Ich würde so etwas wie Medikamentenentscheidungen nie selbst entscheiden, wenn es so ausgeartet wäre wie bei dir.

Du hast eine extreme Verantwortung und Nächstenliebe fängt auch schon damit an, dass man an sich selbst arbeitet und den Ärzten vertraut die einem Hilfe anbieten Selbstliebe zu lernen.

Ich entschuldige mich nicht für meinen Beitrag, ich habe aber natürlich 100% Verständnis für Menschen die aus welchen Gründen auch immer, nicht besser handeln konnten als sie taten.

Nur jetzt hast du die Möglichkeit einen Neustart hinzulegen und du willst anscheinend Lebendigkeit und Freude gegen ein stabiles Fundament tauschen, das dich von Grund auf stabil genug machen kann, damit du wirklich keine so großen Fehler mehr machen musst, dass du mit der Polizei zu tun hast und mit der Forensik.

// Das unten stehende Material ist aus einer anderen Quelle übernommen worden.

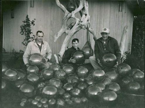 Shortly after seeing these images, we visited the Carberry Glass studio of Ann and Morgan Seeley. They had several glass sculptures that reminded me of the fishing floats. The yellow striped version caught my eye as it reminded me of the sun glancing off the floats.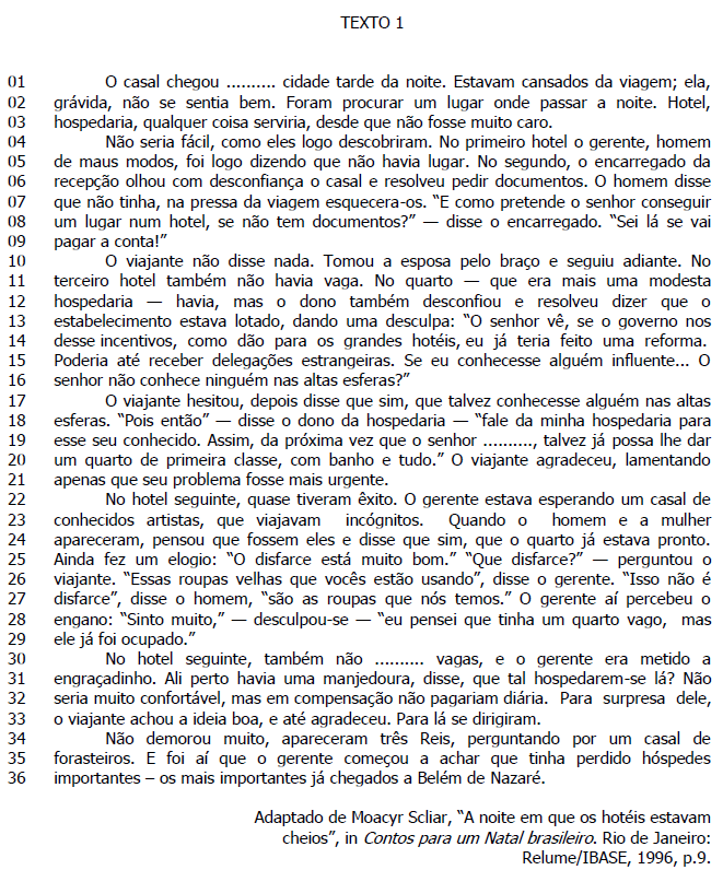III. "Sinto muito," [o gerente] desculpou-se ― "eu pensei que tinha um quarto vago, mas ele já foi ocupado." (l.28-29)
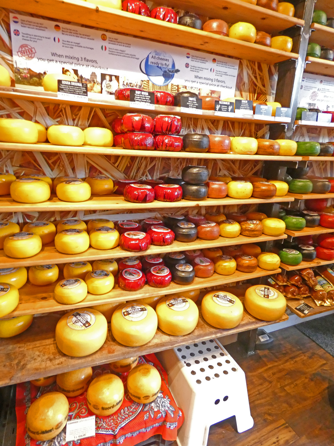 Uiteraard zijn we na onze wandeling nog wat kaas en siroopwafels gaan kopen, twee specialiteiten van de stad. Voor de andere specialiteiten zoals kaarsen en kleipijpen hadden we minder interesse 😉.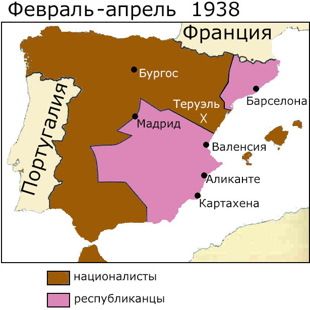 На текущий момент карта военных действий в Испании выглядела следующим образом:
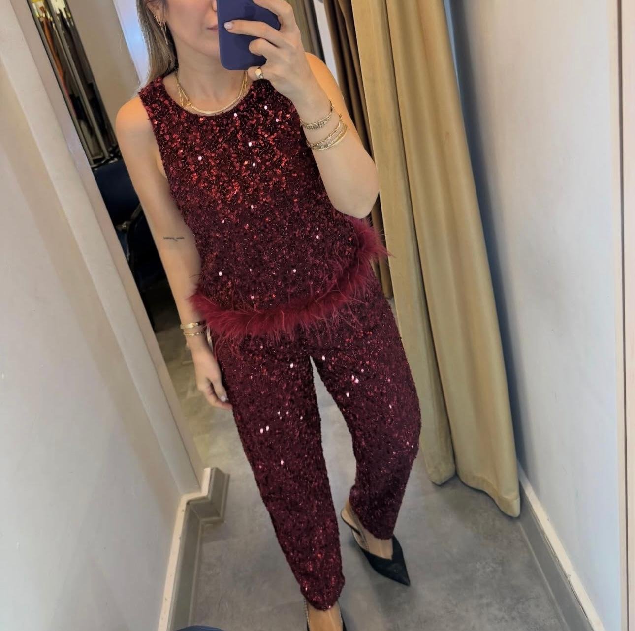 Otriş ve payetin eşsiz uyumuna sahip harika bir takım.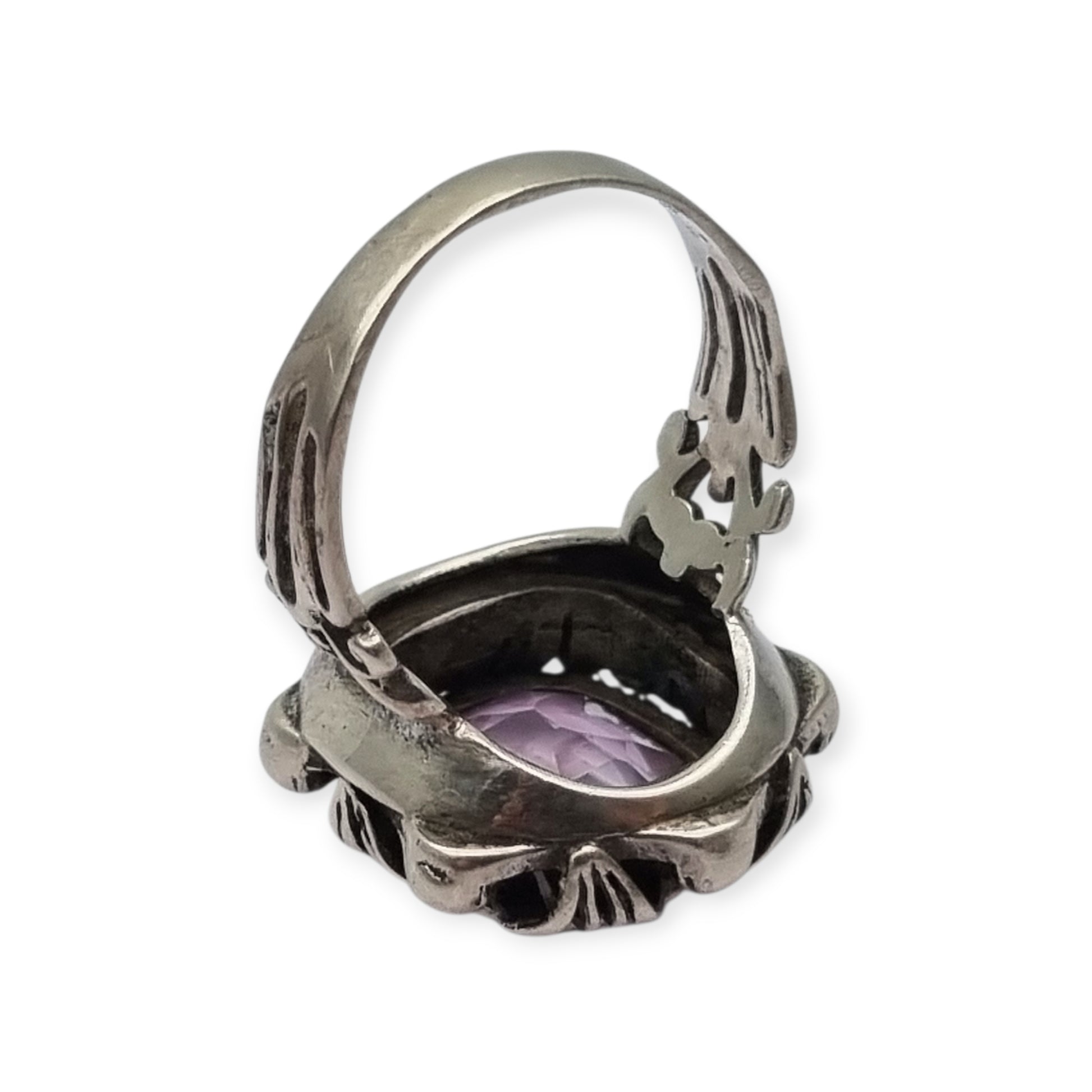 Anillo estilo Art Decó en plata calada con cristal violeta, circa 1960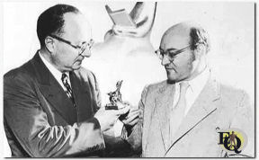| Boven: Manfred B. Lee en Frederic Dannay met hun Gouden Gertrude, toegekend door Pocket Books, Inc. voor een boekenverkoop van meer dan 5 000 000 exemplaren van Ellery Queen Pocket Books uitgaven (1934). | |||||||||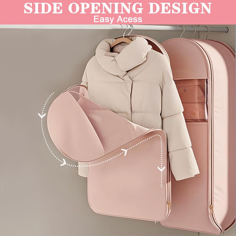 - 【Self-Compression Zipper Garment Bag】Simplify your clothing storage! Our self-compacting zipper technology means no more vacuum cleaner assistance. Simply put in your clothes, zip them up and watch the magic happen. It's that easy to create more space in your closet.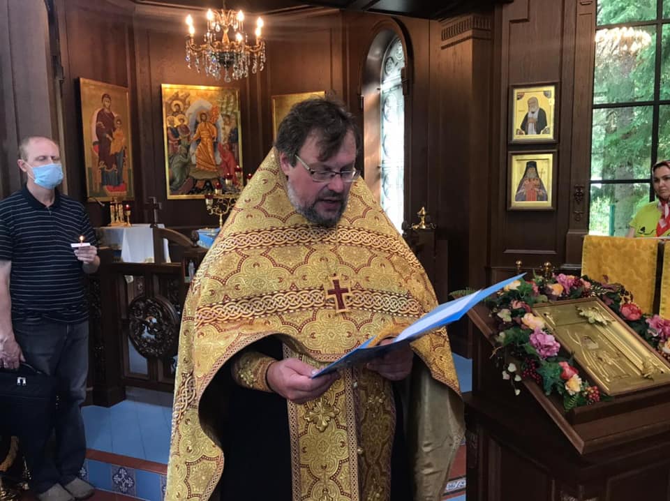 Дождь внезапно закончился. Началось отпевание во главе с о. Александром Пелиным. Атмосфера в маленьком храме была благоговейной. По окончанию отпевания о. Александр зачитал послание соболезнования от митрополита Санкт-Петербургского Варсонофия.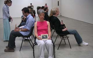 People sit holding photographs of deceased loved ones and family members.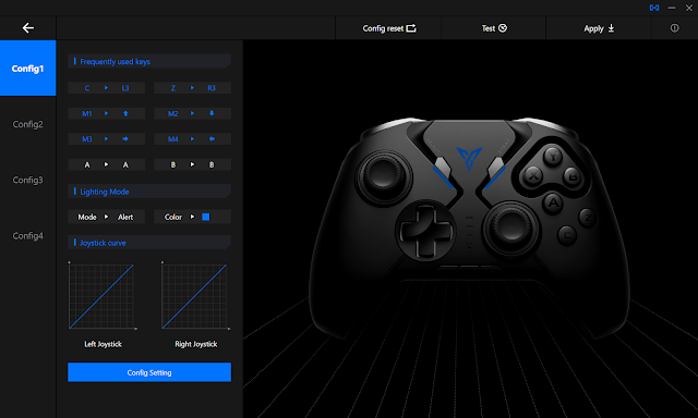 Переключение между профилями осуществляется с помощью комбинации кнопок MENU + BACK. Все настройки сохраняются в память геймпада, приложение понадобится вам только для настройки. В режиме Bluetooth встроенные профили работают, но только для переключения подсветки. Настройки кнопок, в режиме Bluetooth, свои и не связаны с настройками кнопок для подключения через адаптер. А вот небольшое видео, демонстрирующее возможности приложения: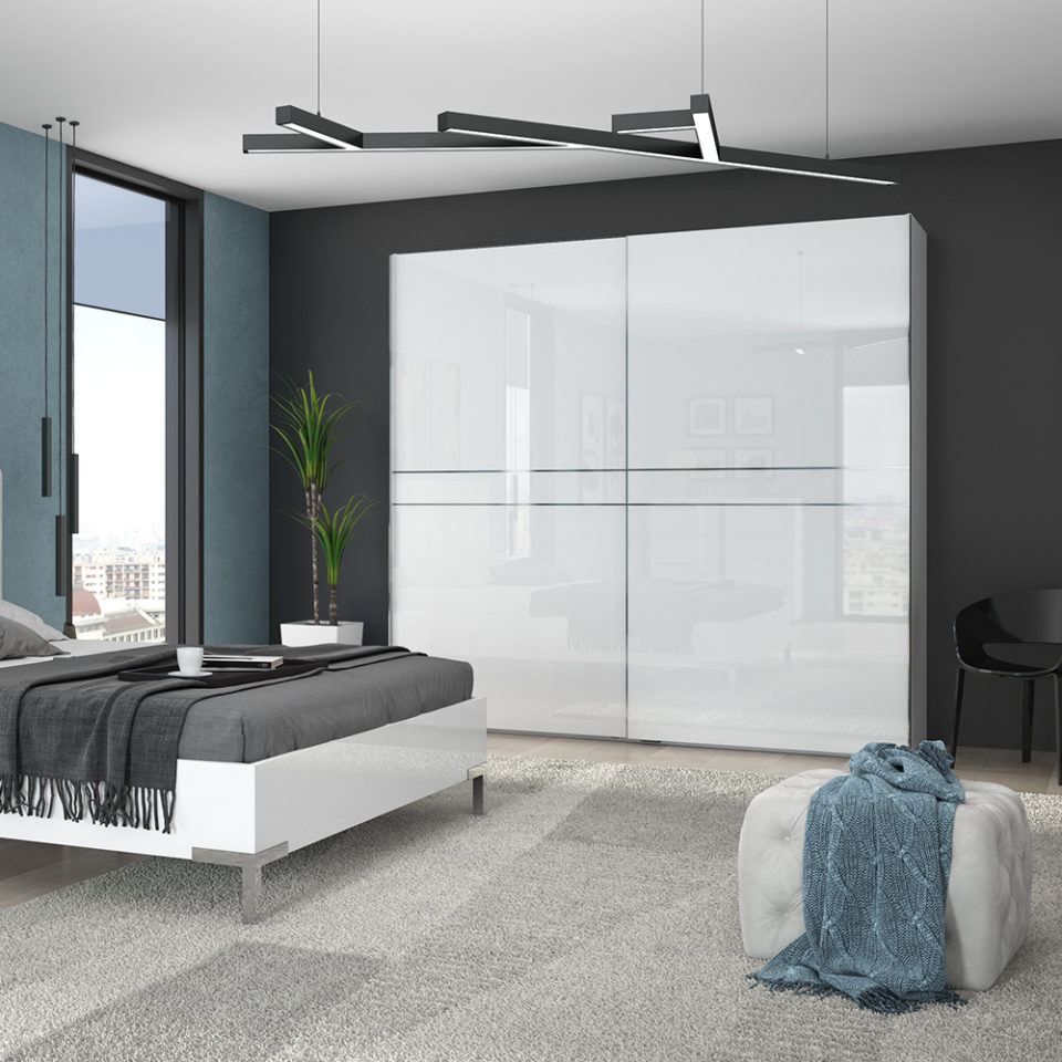 Elegantna Piano spavaća soba u visokom sjaju. Sastav možete odabrati u bež ili bijelom laku. Namještaj iz serije Piano spavaćih soba ima ugrađen mehanizam za meko zatvaranje, Hettich okove i kromirane ručke. Sastav sadrži.

Ich würde dir nicht die Schuld geben, denn du konntest nichts dafür, aber jetzt bist du an einem Punkt, wo deine Handlungsfähigkeit komplett da ist und das ist eine richtig große Chance neu anzufangen, also überleg dir bitte gut, in wiefern du weiterhin Drogen oder Alkohol konsumieren willst, oder warum genau du deinem Helfersystem wie Psychiater und Therapeuten nicht vertrauen kannst.

Es ist ein gut gemeinter Rat, auch deshalb, weil ich nicht will, dass Menschen die die Chance haben ein gutes normales Leben zu haben, mir eine in die Fresse hauen oder sonst wie Schaden zufügen, weil sie ihre inneren Dämone nicht im Griff haben und sich nicht wagen, dieses Hühnchen mit sich selbst zu rüpfen und mit sich auf diese Weise Frieden schließen.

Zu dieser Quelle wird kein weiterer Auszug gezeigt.